Combining some exclusive retail therapy with visiting magnificent historical buildings, Peta King spends a memorable weekend in York.

SHOPPING: it's what women do supremely well and most men do under sufferance. So if you could find a way to shop 'til you drop while the man in your life doesn't lose the will to live, then you'd be on to a winner.

With this in mind, York has launched three new guides to shopping heaven, featuring more than 40 independent shops that you won't find anywhere else and also providing plenty of interest for the more reluctant companion.

York may be well known now for its distinctive shops and relaxed surroundings, but the city has a shopping history going back to Roman times. The Romans started shopping as soon as they arrived in York in 71AD, when shops and wine bars sprang up in the Coney Street and Micklegate areas and in Viking times, around the 10th century, the city was described as being "crammed with merchandise too rich to describe".

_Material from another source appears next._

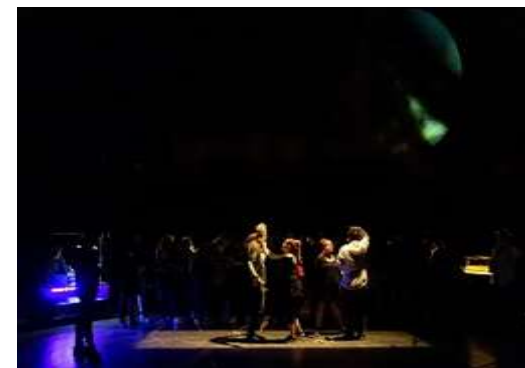
Fig. 1 LabCet (Laboratorio de Creación Transdisciplinar) Empatía 7. CENESTESIA / Antropología de las sensaciones

A partir de obras anteriores como In situ o la reacción humana (1) (2002), U=energía interna (2) (2007) y Empatía (3) (2012), se busca generar una experiencia activa y transformadora en el espectador, en la que éste no sea solo un observador, sino un participante en el proceso creativo y en la conexión con su interior en el aquí y ahora.

In the Georgian era, York vied with London as one of the most fashionable places to live and the elegance of the shops reflected the affluence of the customers. But even then people were keen on a bargain and an 18th century historian sagely wrote: "Country gentlemen have found York so much cheaper than London. The great variety of provisions makes it very easy to furnish an elegant table at a moderate rate".

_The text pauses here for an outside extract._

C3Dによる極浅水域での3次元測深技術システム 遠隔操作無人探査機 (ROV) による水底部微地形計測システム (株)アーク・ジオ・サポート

Accompanied by my partner Peter, who could never be described as a keen shopper, but is a willing accomplice, I set out to test the trails to find York's shopping secrets.

There are three routes: Designer Living and Antiques, if you're looking for interior design ideas or perhaps a signature piece of furniture for your home; Designer Wear, with a stunning line-up of labels all within walking distance of each other; and Something Special, for jewellery, affordable art and unique gifts.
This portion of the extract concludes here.